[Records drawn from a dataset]

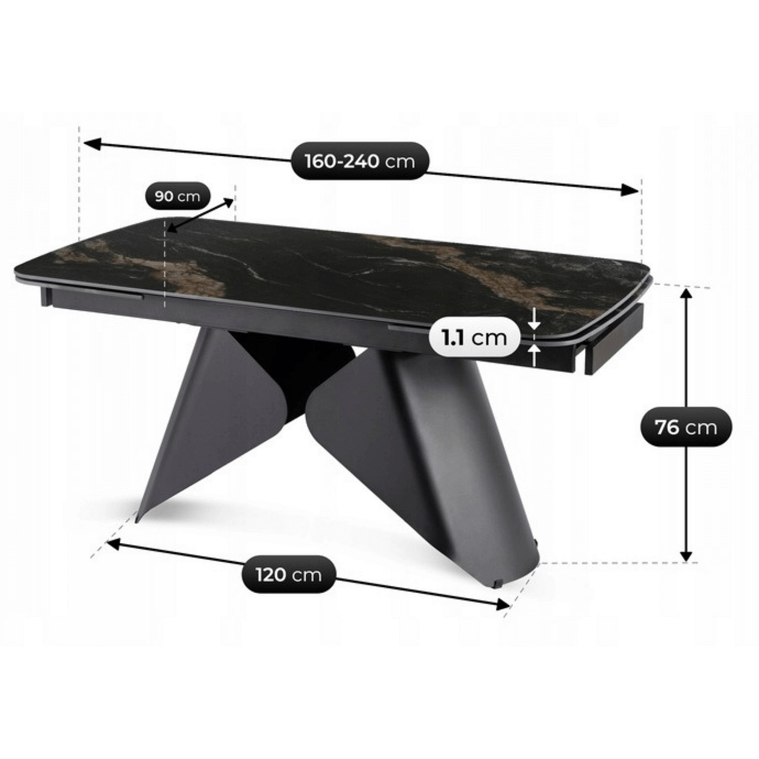 Stół VERONA Ceramiczny Rozkładany 160-240 cm Czarny Marmur/Czarny
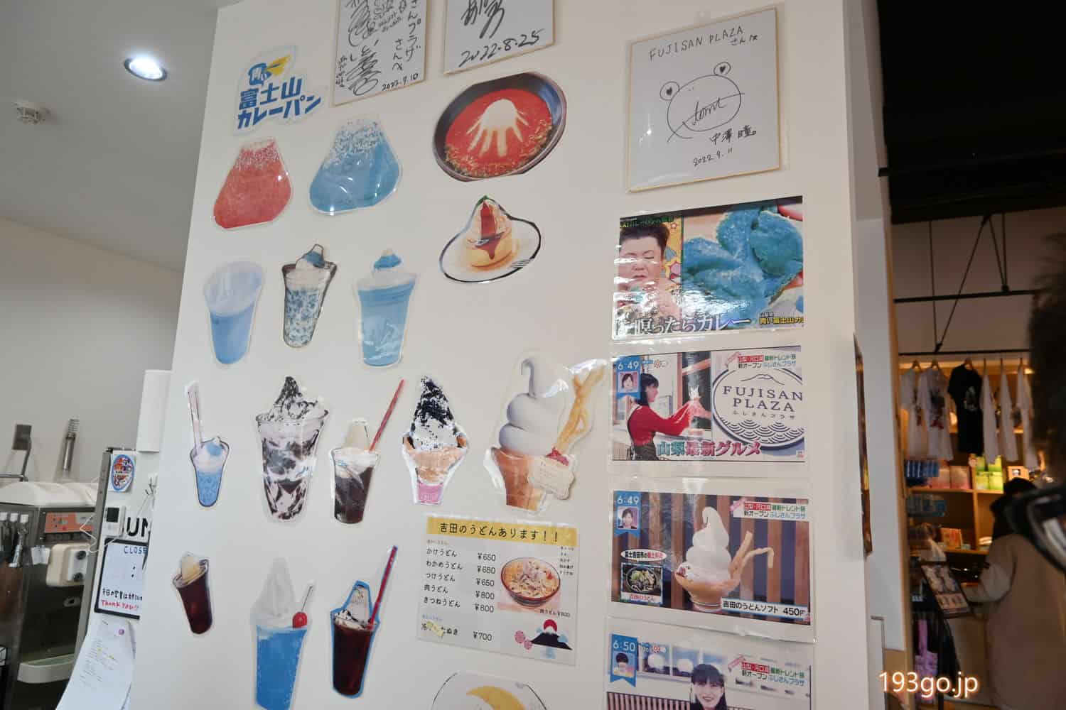 「富士山プラザ」メニューと値段 赤い富士山カレーパン、青い富士山カレーパン、吉田のうどんソフトも
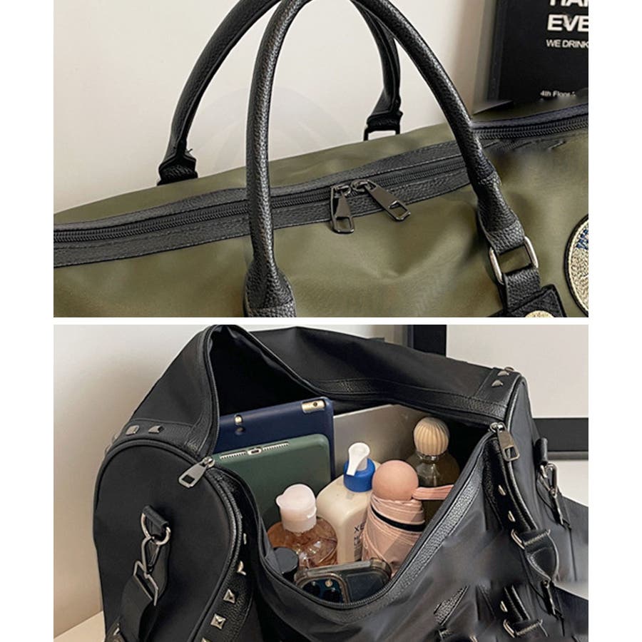 さらにガンメタスタッズをサイドに打ち付けることで、強めテイストをより印象付けるボストンバッグに。
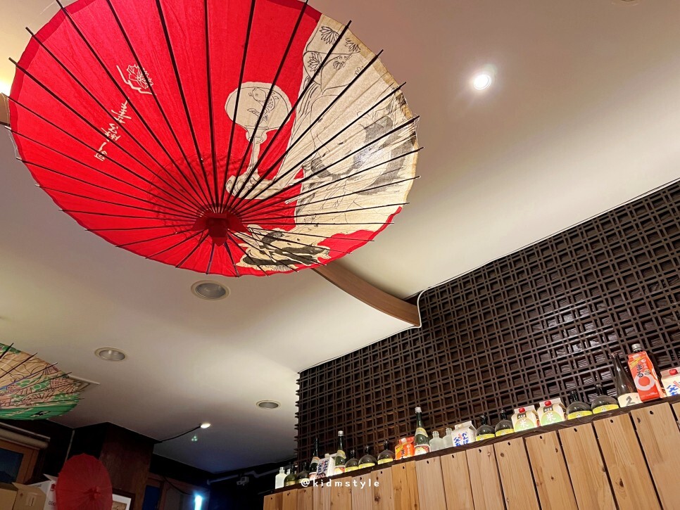 저녁시간이 조금 지나고 방문했습니다. 천장에 걸린 우산이 독특합니다.
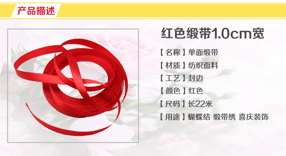 - 商品名稱(chēng):紅絲帶1.0*22m

Directions for this task: Repeat the entries exactly as they are given, leaving out each image.

Exercise response:
 Stół VERONA Ceramiczny Rozkładany 160-240 cm Czarny Marmur/Czarny
 「富士山プラザ」メニューと値段 赤い富士山カレーパン、青い富士山カレーパン、吉田のうどんソフトも
 さらにガンメタスタッズをサイドに打ち付けることで、強めテイストをより印象付けるボストンバッグに。
 저녁시간이 조금 지나고 방문했습니다. 천장에 걸린 우산이 독특합니다.
 - 商品名稱(chēng):紅絲帶1.0*22m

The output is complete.